No último ano, tive oportunidade de conviver com pessoas de diversos cantos do país: gaúchos, paranaenses, catarinenses, sergipanos, pernambucanos, cearenses, acreanos, cariocas, mineiros, mato-grossenses, paraenses e por aí vai...como o Brasil é grande. É sim senhor! E de toda a troca cultural obtida, uma das mais interessantes foi a da linguagem. Eu como paulista egocêntrica que sou (agora um pouco menos) só fui perceber o impacto de se ter sotaque quando mudei de estado e vim para as bandas do norte. Não tardou para tomar consciência da minha regionalidade. Pois o primeiro acreano a que fui apresentada no trabalho já me despertou para ela: “boa tarrrde” respondeu ele, entre risonho e malicioso. Foi seu primeiro golpe, de muitos outros que adviriam, no meu simpático erre retroflexo. Bem o meu que é tão discreto (embora não tão discreto a ponto de um descendente de cearenses não reconhecer). Pois é. Por sorte naquele momento havia um goiano e uma mato-grossense recém chegados para me defender. Ouvi-los de repente foi um reconforto, um aconchego de mãe, eu e minha linguagem sentimo-nos em casa. Sim, porque o sotaque caipira do interior de São Paulo se confunde com o do norte do Paraná e também com o de boa parte do centro –oeste (não contemos com o distrito federal, lá é um caso a parte).
Como era de se esperar, o ambiente multicultural promoveu saudáveis disputas pelo melhor sotaque. Obviamente, defendi este que faz parte de mim bravamente, do modo que merece. Fiz jus à sua beleza. No entanto, tais ataques também não me impediram de me encantar com a diversidade das outras falas, suas sonoridades distintas, suas expressões. Afinal, como não achar graça no jeito gaucho de se referir às meninas, suas “gurias”. Ou no modo paranaense de dizer suas crianças, seus “piás” ou “piazinhos”. Ainda, como não sorrir diante da expressão simpática de uma mineira que veio me perguntar sobre a situação de um caminhão, se o mesmo já havia cruzado a fronteira: “uai, mas o trem ainda não passou?”

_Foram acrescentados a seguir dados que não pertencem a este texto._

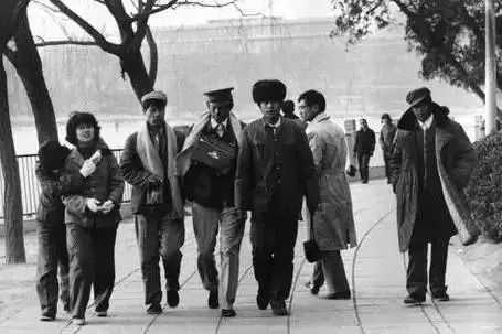 七十年代末八十年代初,羊剪绒帽子、大拉毛围巾、军大衣、进口蛤蟆镜一度是国内时尚青年的最爱。1980年3月摄于北海公园。

Também me diverti com a visita de um amigo de Belém do Pará, que baixou no Acre cheio de “esses” carregados de “xis”, lembrando muito o carioquês. Ao que ele se defendeu: “Não. São os cariocas que falam como a gente”, indignado.
Outra recente descoberta foi a fala catarinense e a naturalidade perfeita com que se conjuga a segunda pessoa do singular: “tu fizeste isso”, “tu falaste que não era assim”. Quando posto na forma escrita pode perder um pouco a graça, mas se transformado em som é lindo, encantador. Entretanto, frisa-se que o encanto se dá pela naturalidade com que é dito, por já se encontrar incorporado na linguagem falada. Coloco eu a segunda pessoa do singular na minha fala e o resultado será catastrófico, pedante que só. Até então, só havia presenciado o tu da boca de amigos cariocas ou gaúchos e sempre fazendo par com a terceira pessoa: “tu fez”.
Quanto aos nordestinos, deles uma boa lição. A de que no nordeste, todos cantam, mas cantam cada um a seu modo. Nada que um ouvido atento e respeitoso não possa distinguir com o tempo. Para o ouvido paulista, por exemplo, a impressão será de que o pernambucano fala de um modo mais “carregado” e cantado que o cearense. A pouca vivência nos faz confundir tudo. E se eles se “avexam”, se ficam “aperreados” com isso , têm mais é razão. Porque é no mínimo vulgar igualar duas culturas por desconhecê-las, especialmente quando elas estão no mesmo país que o nosso. Tratando-se então da língua portuguesa, essa pela qual nos fazemos todos os dias humanos, a perda é tanto pior.